Local residents take to the streets one year after inauguration protests

As hundreds of thousands of people in cities around the world rallied this weekend on the anniversary of the 2017 presidential inauguration, local residents turned out for their own march through the streets of Soldotna.


“We all are trying to get our voices heard, and bring attention to the public that just because we’re in Soldotna doesn’t mean we’re going to be quiet, and stand back, and not fight for rights for all sorts of things,” event organizer Naomi Barker said.

One year ago, women around the world came out in force to voice support for women’s rights and oppose the election of Donald Trump — whose derogatory comments about women, immigrants and racial minorities on the campaign trail caused outrage among many. If Saturday’s protest is any indication, a year later those voices are still determined to be heard.

“I think I was outraged when Trump became president,” University of Alaska student Kiana Harding said.

Harding, who attended Saturday’s protest, voted for president for the first time in 2016. She said the outcome of that election, in which the winner of the popular vote and first female candidate lost, was a catalyst for her political action.

“I thought I need to speak out and I need to support women globally,” she said.

Saturday’s Unity and Justice Walk was not explicitly a women’s march, but was meant to celebrate the one-year anniversary of the Many Voices project, a local political movement sparked by last year’s women’s march, Barker said. Following on the heels of Martin Luther King Jr. Day, Saturday’s march also celebrated the civil rights leader’s legacy.

Since its inception one year ago, Many Voices has organized around some of the country’s most divisive issues, from immigration to the recent #MeToo movement.

“Unity and justice have a different meaning for everybody,” Michele Vasquez, a member of the Many Voices steering committee, said.

Indeed, demonstrators at Saturday’s event rallied around everything from gender equality, reproductive rights and environmental justice to access to health care, civil rights and support for immigrants.

“There’s a moment going on right now where a lot of people standing up for equality, and I wanted to be a part of that,” Kenai resident David Brighton said.

Brighton joined Saturday’s demonstration to show support for women’s rights, particularly the right for equality in health care.

“I think that women’s health care is a big issue. It’s not okay when contraception isn’t covered by insurance when we have things like Viagra covered by insurance.”

Kenai resident Kristine Schmidt attended the local 2017 women’s march, and said she came out again this year to speak against the dramatic policy shifts that have happened under the new administration.

She said she opposed many of the executive orders signed in the last year, and didn’t agree with the recent tax reform legislation passed by Congress.
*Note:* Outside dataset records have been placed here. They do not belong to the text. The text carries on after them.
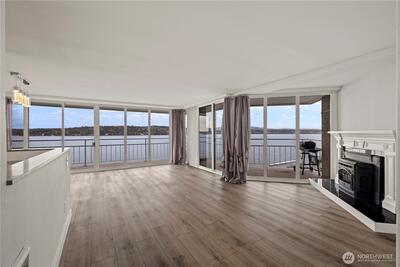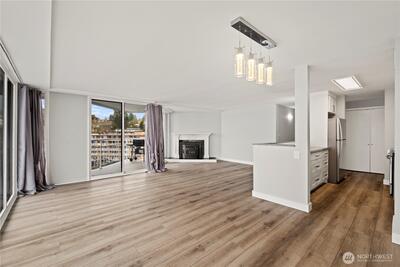 Perched high above the city in Rainier Valley, this top floor, corner unit boasts sweeping Lake Washington views from every room and a fresh, modern interior. Featuring a beautifully renovated kitchen with new cabinetry, quartz countertops, and stainless steel appliances—perfect for everyday living and entertaining. LVP flooring runs throughout the home, creating a clean, cohesive look while maximizing natural light from the large windows that frame the stunning lake views. The open layout provides comfortable living and dining spaces, while the elevated position of the unit allows you to enjoy the scenery from nearly every angle. Conveniently located near parks, shopping, dining, and transit, this move-in-ready home offers an excellent opportunity to enjoy vibrant South Seattle living with style and comfort.
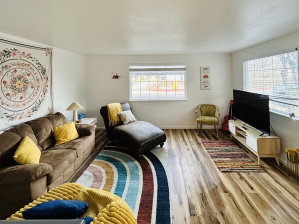 Step into the quirky charm of Friends right here in Boise! This Phoebe-inspired apartment is a whimsical and stylish two-bedroom oasis with everything you need to feel at home — whether you`re here for a quick getaway, a girls` weekend, or a cozy family retreat.
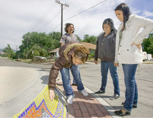 For months, Jimmy Lucero worked with a group of teenage girls to help them complete a series of tile images that sparkle like ornaments on a 600 W. 200 North roundabout in Salt Lake City.
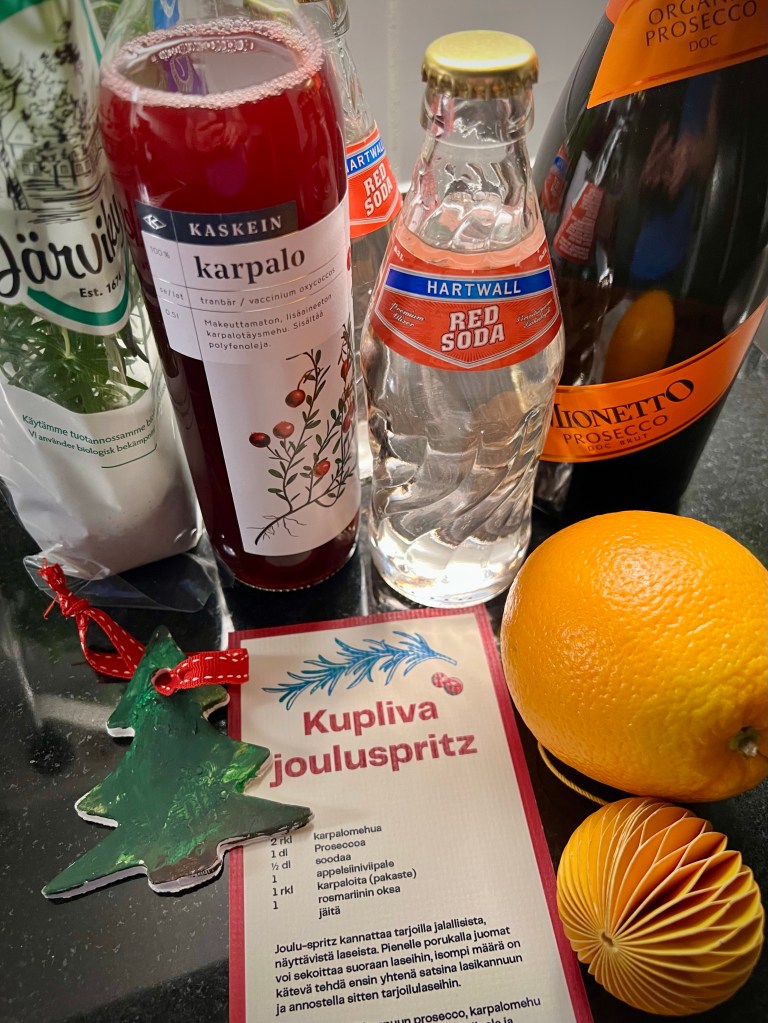 Kesistäkin tuttu spritz on nyt talvisessa tai jouluisessa makumaailmassa. Karpaloa ja appelsiinia. Tässä ainekset yhtä annosta kohti:

“I wanted to show support for all the resistance to what I consider to be the rollback of civil rights — and other rights that people have had in this country before the current administration,” Schmidt said.

The gaggle of about 75 demonstrators set out just after noon from the Soldotna Public Library and snaked their way along Kenai Spur Highway with handmade signs bearing slogans like “united we stand”, “refugees welcome”, “save the ACA”, “I’m with her”, “dissent is patriotic”, “love is love” or simply “equality.”
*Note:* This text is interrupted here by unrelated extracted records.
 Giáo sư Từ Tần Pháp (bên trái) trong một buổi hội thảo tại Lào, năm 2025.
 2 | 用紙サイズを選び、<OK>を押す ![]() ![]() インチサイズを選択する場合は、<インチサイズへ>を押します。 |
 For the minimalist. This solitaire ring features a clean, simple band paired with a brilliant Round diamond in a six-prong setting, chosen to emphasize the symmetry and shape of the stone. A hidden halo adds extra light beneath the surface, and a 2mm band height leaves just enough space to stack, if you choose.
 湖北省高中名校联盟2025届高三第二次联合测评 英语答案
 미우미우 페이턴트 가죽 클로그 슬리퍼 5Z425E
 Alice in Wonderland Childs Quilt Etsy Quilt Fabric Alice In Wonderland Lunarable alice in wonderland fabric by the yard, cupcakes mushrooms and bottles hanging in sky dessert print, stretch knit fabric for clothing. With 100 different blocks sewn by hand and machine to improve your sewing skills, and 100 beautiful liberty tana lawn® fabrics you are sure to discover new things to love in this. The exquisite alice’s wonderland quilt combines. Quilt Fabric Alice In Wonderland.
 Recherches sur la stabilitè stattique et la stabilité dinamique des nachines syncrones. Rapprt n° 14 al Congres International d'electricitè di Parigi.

Marchers solicited both friendly honks and the occasional disapproving engine roar as they made a loop back to the library for some hot food and folk music.

Soldotna resident Charlissa Magen, who also attended last year’s women’s march, said she wanted to spark a dialogue among all the members of the community, especially those with divergent political views.
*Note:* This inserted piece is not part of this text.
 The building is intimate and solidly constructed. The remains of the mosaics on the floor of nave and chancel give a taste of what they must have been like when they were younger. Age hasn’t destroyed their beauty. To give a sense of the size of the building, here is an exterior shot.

“I encourage people who didn’t do the walk, and who aren’t doing walks, to still educate themselves,” she said. “Knowledge is power.”

She said she hopes that members of the community will reach out and listen to one another to tackle issues that affect everyone.

“We have a wonderful community,” Magen said. “And there are so many people who just want us to do the right thing, and I don’t think that’s too much to ask.”